» **WHAT YOU SHOULD DO**
The records below are to be copied word for word, with every picture left out.

» **ENTRIES PROVIDED**
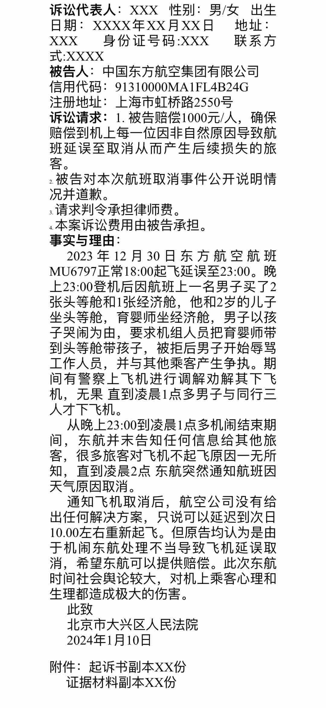 群內(nèi)發(fā)出的起訴書寫道:“從當日23點到次日凌晨1點多機鬧結(jié)束期間,東航并未告知任何信息給其他旅客,很多旅客對飛機不起飛原因一無所知,直到凌晨2點,東航突然通知航班因天氣原因取消。通知飛機取消后,航空公司沒有給出任何解決方案,只說可以延遲到次日10點左右重新起飛。但原告均認為是由于機鬧,東航處理不當,導致飛機延誤取消,希望東航可以提供賠償。此次東航事件社會輿論較大,對機上乘客心理和生理都造成極大的傷害。”據(jù)悉,乘客們擬起訴至北京市大興區(qū)人民法院。
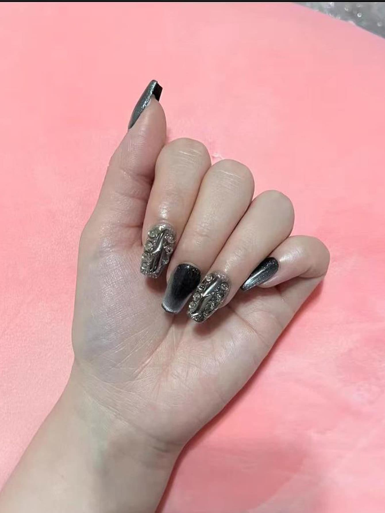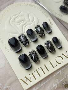 10pcs Long Coffin 3D Rhinestone Decor Fake Nail & 1sheet Tape
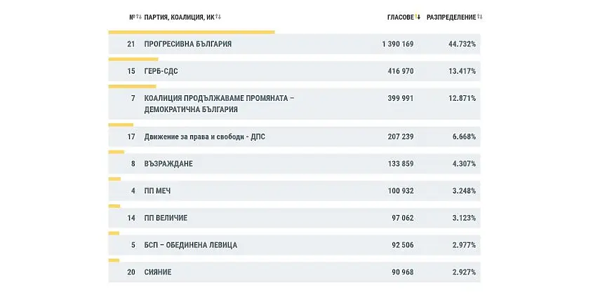 Централната избирателна комисия излезе с първи резултати от предсрочния парламентарен вот на 19 април. При обработени 96.41% СИК протоколи в РИК „Прогресивна България” на Румен Радев води с убедителен резултат от 44.732%.
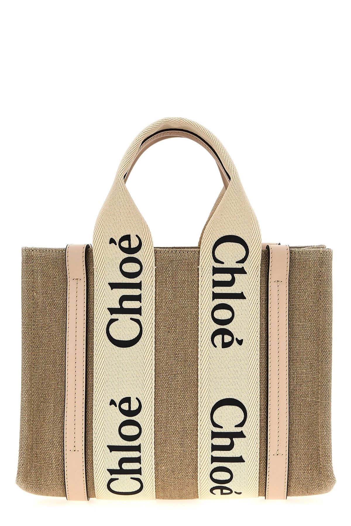 cod. CHC22AS397I266J5 Small 'Woody' linen canvas handbag with leather details, double fixed handle in logo canvas, adjustable and removable leather shoulder strap. Color: Pink Size & Fit: W 26.5 x H 20 x D 8 cm Composition: 100% linen Made in: Italy
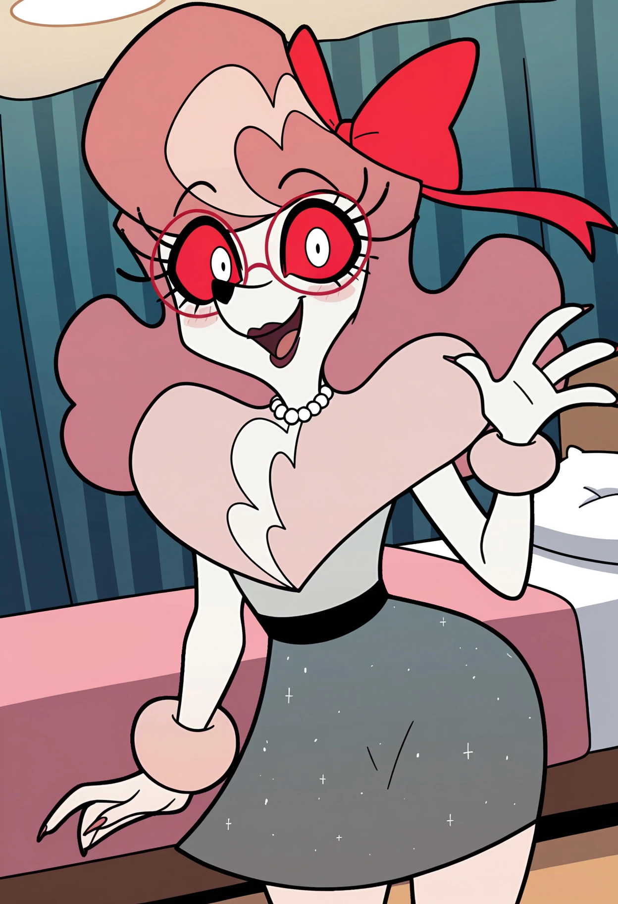 vikkiHB, furry female, furry, colored sclera, red sclera, glasses, red-framed eyewear, animal nose, bow, hair bow, red bow, jewelry, necklace, dress, skirt, grey skirt
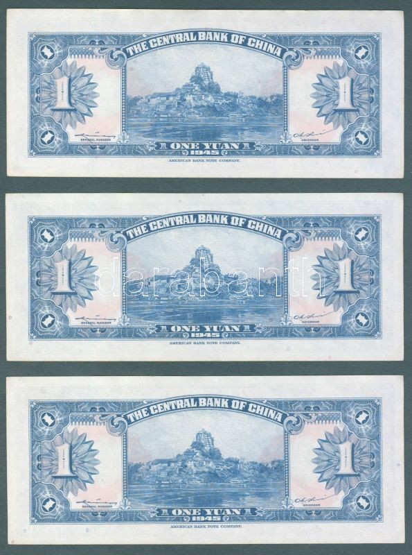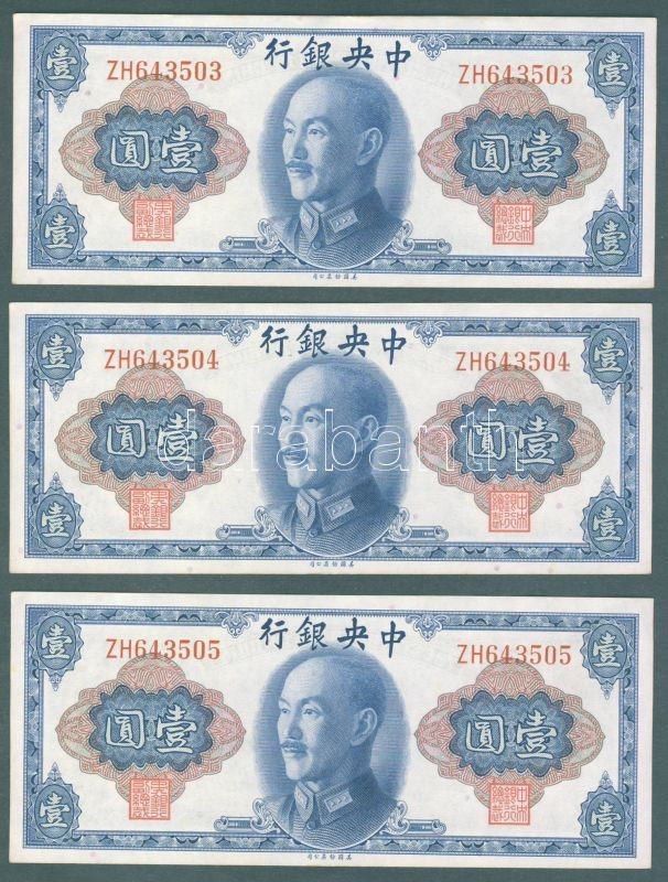 Kína 1945. 1Y (3x) egymásutáni sorszámokkal T:I
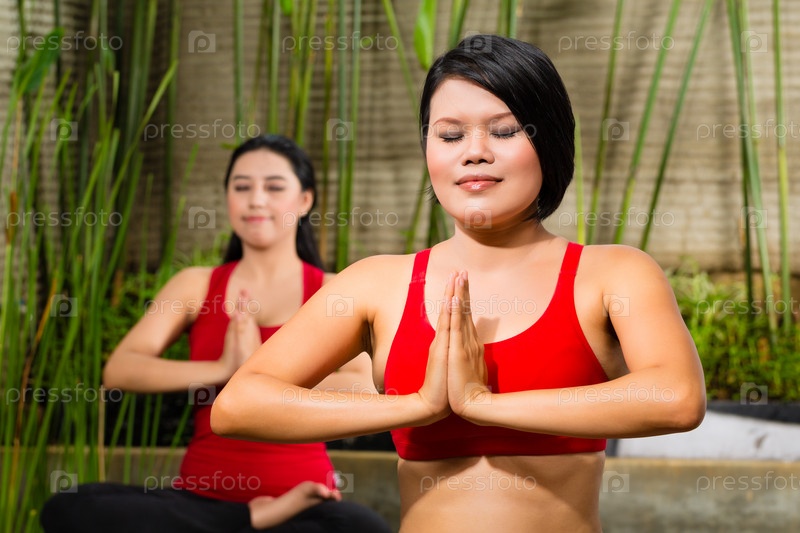 Азиатские женщины занимаются йогой в тропическом месте
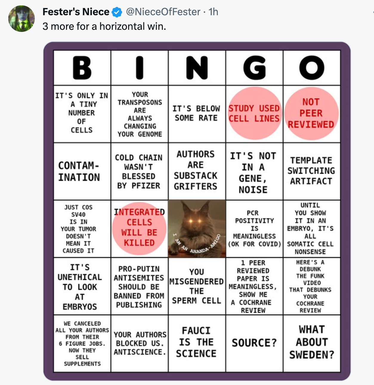 Ananda-Amigo Fester’s Niece decided it was time to play plasmid debunk Bingo as the same tired arguments kept getting recirculated once the existence of the SV40 Promoter/Origin was settled.
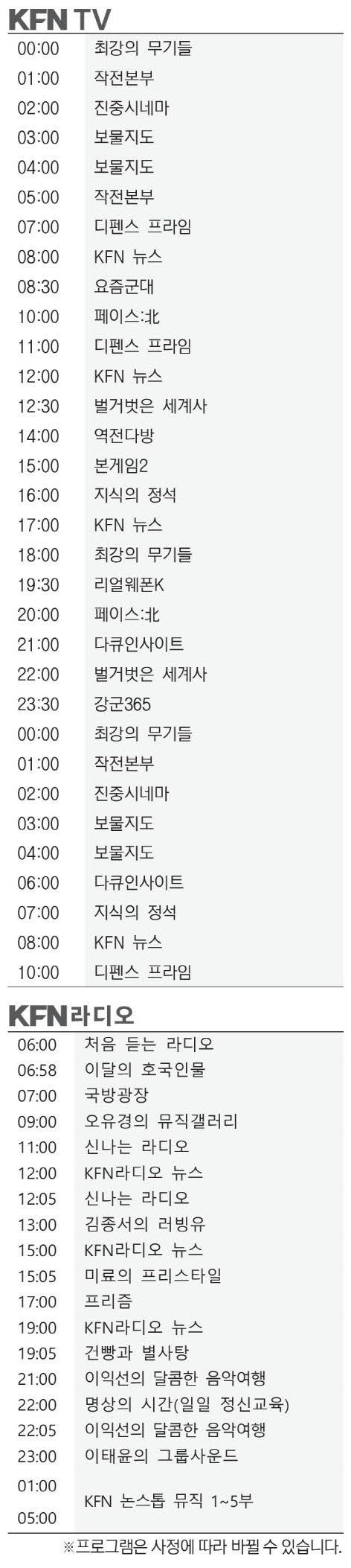 KFN편성표 (2026년 3월23일)
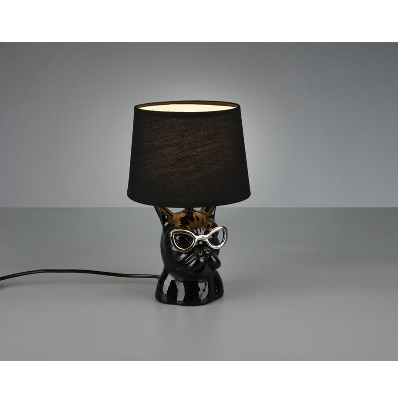 La lampada da tavolo DOSY di Trio Lighting presenta una base in ceramica finitura nera a forma di bulldog con occhiali e paralume in tessuto nero, interruttore a filo incluso. Dotata di attacco per lampadina E14 max 40 watt (acquistabile separatamente). Un elemento stravagante ed originale, perfetto sia per illuminare sia come complemento d'arredo per diversi ambienti della vostra casa arredata in stile moderno, ideale ad esempio per la zona living o la camera da letto. Disponibile anche nelle varianti di finitura bianca, grigia, rosa e verde.
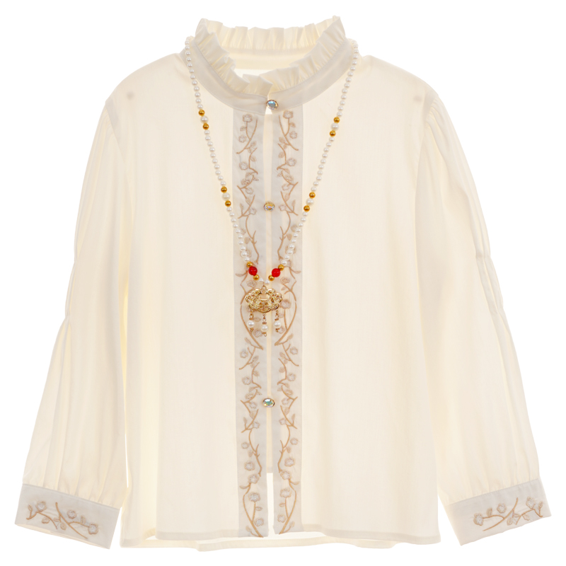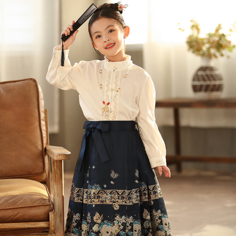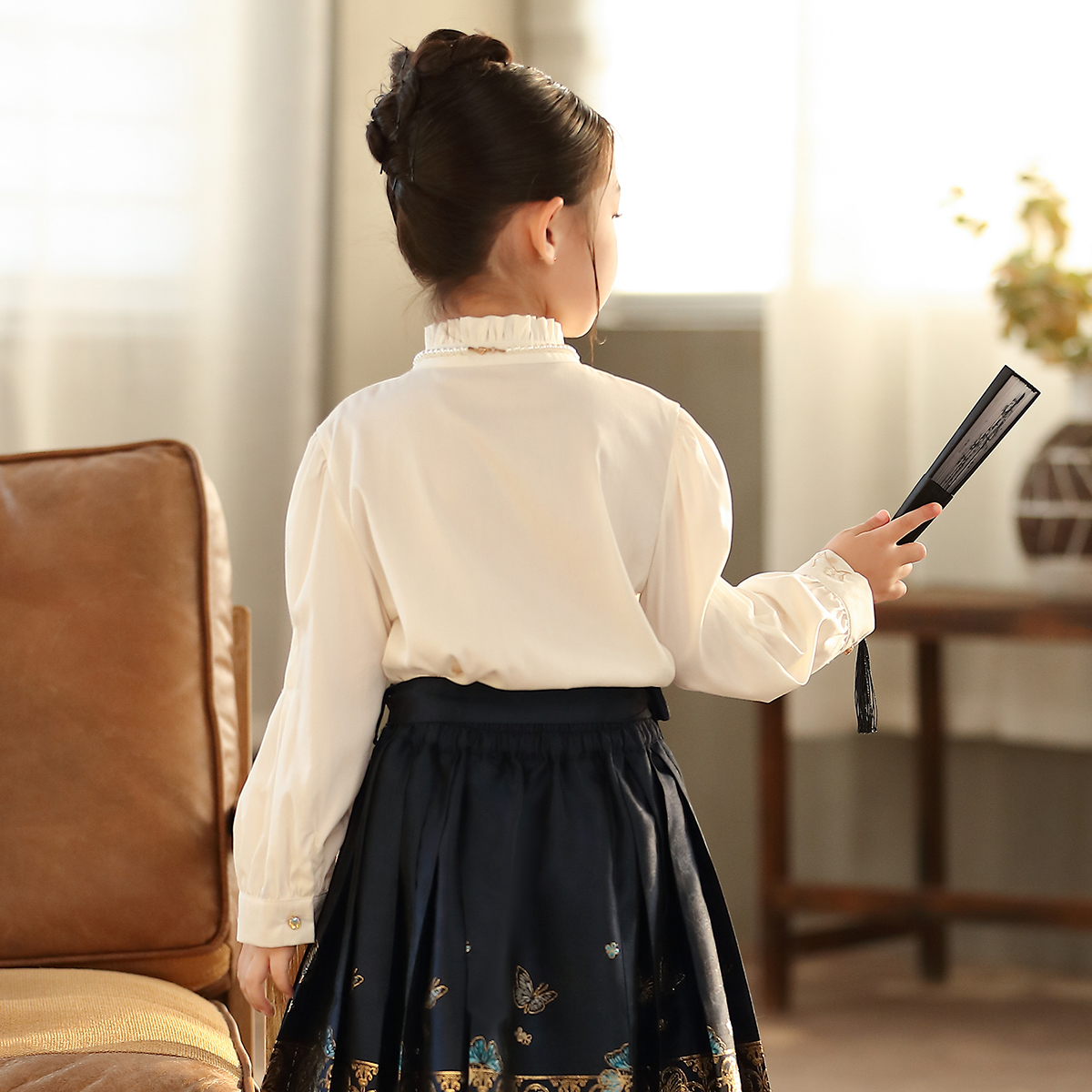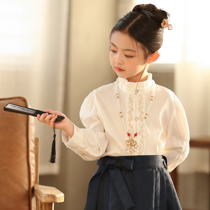 女童长袖衬衫2025秋季新款明制汉服改良版国风汉元素白色上衣衬衫
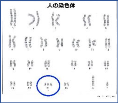 「ダウン症」と言う言葉を聞くと、「気持ちがダウンするから」などと誤解されていますが、正確に理解して欲しいと思います。人間の染色体は常染色体22対と、性染色1対あり、2本ずつの対になっています。そのうちの常染色体の21番目が通常は2本なのに、ダウン症は3本あります。こうしたダウン症は600人から800人に一人の割合で発生しているとされています。

» **RESPONSE TO THE TASK**
 群內(nèi)發(fā)出的起訴書寫道:“從當日23點到次日凌晨1點多機鬧結(jié)束期間,東航并未告知任何信息給其他旅客,很多旅客對飛機不起飛原因一無所知,直到凌晨2點,東航突然通知航班因天氣原因取消。通知飛機取消后,航空公司沒有給出任何解決方案,只說可以延遲到次日10點左右重新起飛。但原告均認為是由于機鬧,東航處理不當,導致飛機延誤取消,希望東航可以提供賠償。此次東航事件社會輿論較大,對機上乘客心理和生理都造成極大的傷害。”據(jù)悉,乘客們擬起訴至北京市大興區(qū)人民法院。
 10pcs Long Coffin 3D Rhinestone Decor Fake Nail & 1sheet Tape
 Централната избирателна комисия излезе с първи резултати от предсрочния парламентарен вот на 19 април. При обработени 96.41% СИК протоколи в РИК „Прогресивна България” на Румен Радев води с убедителен резултат от 44.732%.
 cod. CHC22AS397I266J5 Small 'Woody' linen canvas handbag with leather details, double fixed handle in logo canvas, adjustable and removable leather shoulder strap. Color: Pink Size & Fit: W 26.5 x H 20 x D 8 cm Composition: 100% linen Made in: Italy
 vikkiHB, furry female, furry, colored sclera, red sclera, glasses, red-framed eyewear, animal nose, bow, hair bow, red bow, jewelry, necklace, dress, skirt, grey skirt
 Kína 1945. 1Y (3x) egymásutáni sorszámokkal T:I
 Азиатские женщины занимаются йогой в тропическом месте
 Ananda-Amigo Fester’s Niece decided it was time to play plasmid debunk Bingo as the same tired arguments kept getting recirculated once the existence of the SV40 Promoter/Origin was settled.
 KFN편성표 (2026년 3월23일)
 La lampada da tavolo DOSY di Trio Lighting presenta una base in ceramica finitura nera a forma di bulldog con occhiali e paralume in tessuto nero, interruttore a filo incluso. Dotata di attacco per lampadina E14 max 40 watt (acquistabile separatamente). Un elemento stravagante ed originale, perfetto sia per illuminare sia come complemento d'arredo per diversi ambienti della vostra casa arredata in stile moderno, ideale ad esempio per la zona living o la camera da letto. Disponibile anche nelle varianti di finitura bianca, grigia, rosa e verde.
 女童长袖衬衫2025秋季新款明制汉服改良版国风汉元素白色上衣衬衫
 「ダウン症」と言う言葉を聞くと、「気持ちがダウンするから」などと誤解されていますが、正確に理解して欲しいと思います。人間の染色体は常染色体22対と、性染色1対あり、2本ずつの対になっています。そのうちの常染色体の21番目が通常は2本なのに、ダウン症は3本あります。こうしたダウン症は600人から800人に一人の割合で発生しているとされています。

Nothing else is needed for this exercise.